И тут-то Федя и показал, что он и упрям и настойчив, когда, не спросясь Даши, пошел к сберегательной кассе и повел ее за собой.
Не устраивать же было Даше как бы семейную сцену перед окнами бывшего места своей работы! Она вошла с Федей, несколько недовольная своим спутником, однако смиряя себя: ну, зайдут, ну, проверят, ну и что!
Да, в сертификате стоял номер выигравшей облигации. Тут сходилось все — и номер и серия. Но Валя, которая сегодня подменяла Зину, посмотрела на Дашу и сказала с недоумением:
— Дашенька! Товарищ Нечаева! У вас-то сходится, да у нас не тот номер, хотя серия та же! — и она пожала плечами, косясь на конверт сертификата. — Какое-то недоразумение получается.
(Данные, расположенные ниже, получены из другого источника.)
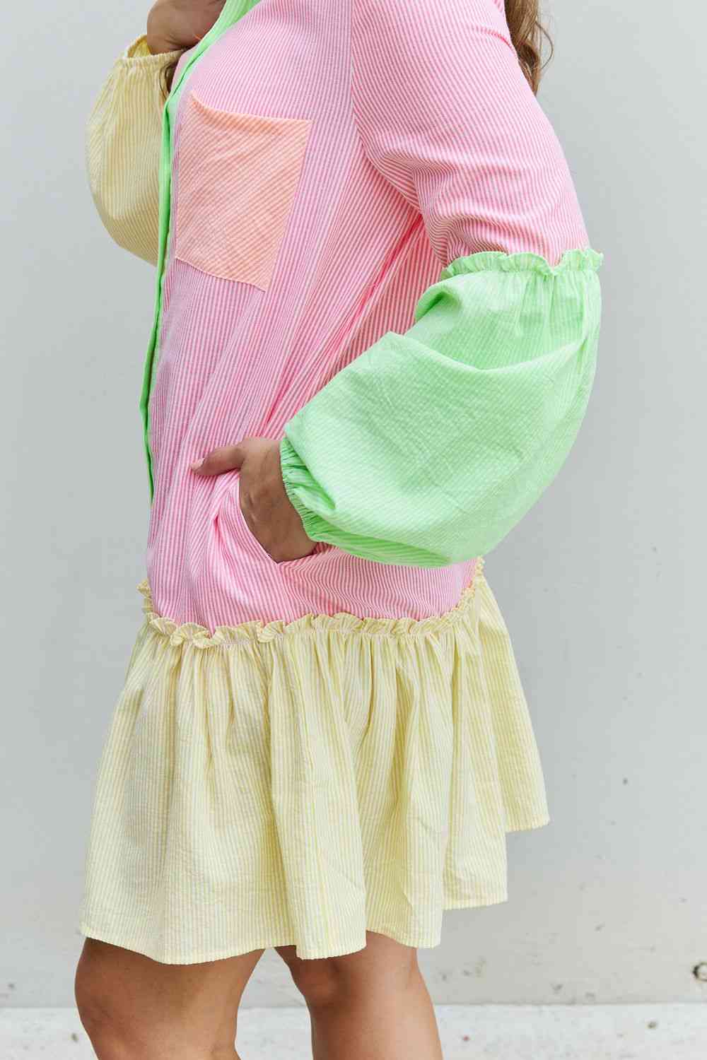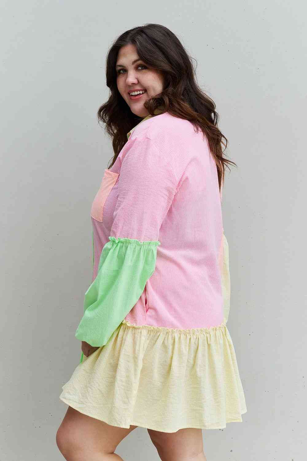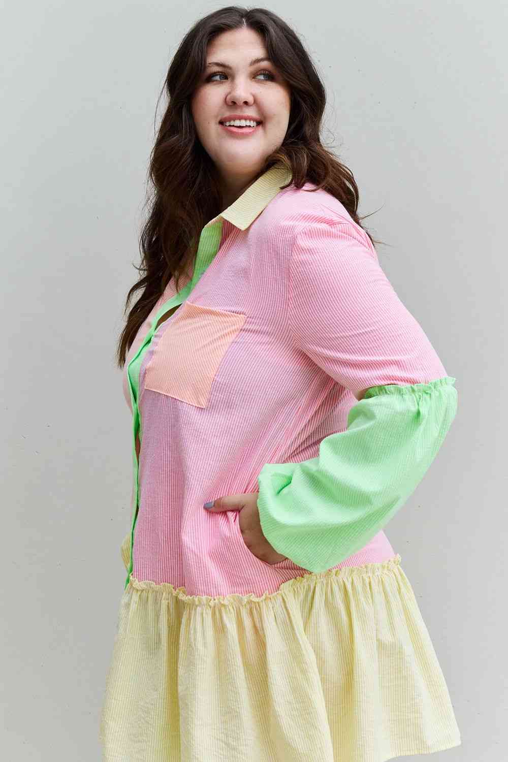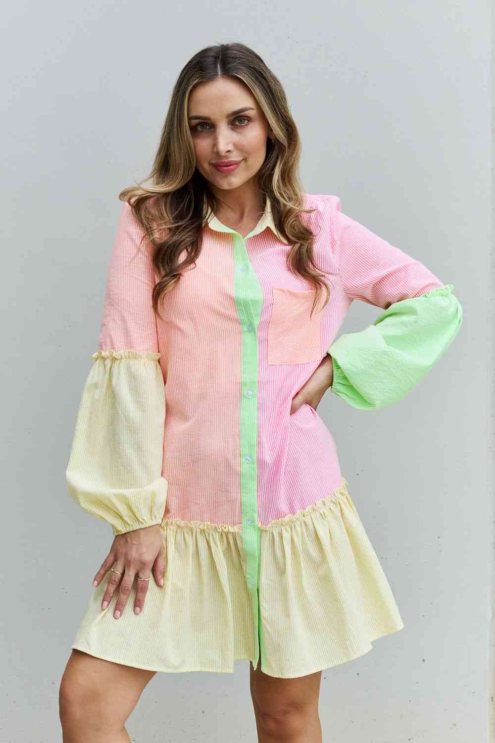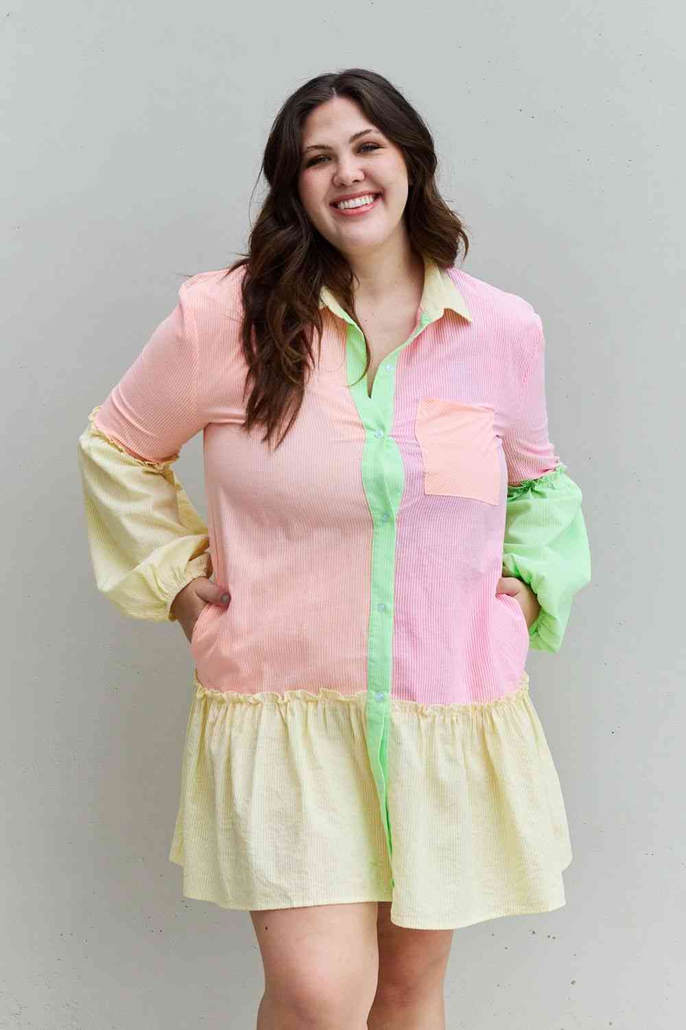 Davi & Dani Flying Colors Full Size Colorblock Long Sleeve Shirt Dress

Это чья облигация? — она посмотрела на анкету и опять на Дашу.
— Это брат мой! — сказала, покраснев, Даша. — Я его документы получила, а Федор Дмитрич посоветовал проверить…
Федор Дмитрич тоже сверился с обоими документами.
— Хм-м! — сказал он. — Что-то тут не то…
Он с подозрением посмотрел на Валю, которая не понравилась ему с первого взгляда, может быть, и потому, что сердце его — все, без остатка! — было занято Дашей. Валя была смущена. Ее бледненькое лицо с фарфоровым румянчиком, ее светло-серые глаза с темной окаемочкой, худенькие плечи и пальцы, перемазанные чернилами, ее поджавшиеся вдруг губы — все это вызвало у Феди недоброжелательство. Не вообще, а потому, что это несходство шифров облигаций что-то отнимало у Дашеньки, его Дашеньки! А смущение Вали еще более усилило его подозрения! Эта кисейная барышня — все может! Ишь как губки-то поджала, не понравилось! Погоди, погоди, я тебя заставлю не только губы поджать, а кровавыми слезами плакать! Люди на фронте кровь проливали, а вот такие чистюли грабили их без стыда и совести…
— Ну, что не то, товарищ лейтенант! — сказала Валя, задумываясь. — Разберемся!
— Да нет, это уж мы сами разберемся! — сказал Федя и забрал Дашин сертификат. — Пойдемте, Даша! Пойдемте…
— До свидания, Валя! — сказала Даша, смущенная не меньше Вали, которую Даша знала как дельного работника, аккуратистку, как образец в работе.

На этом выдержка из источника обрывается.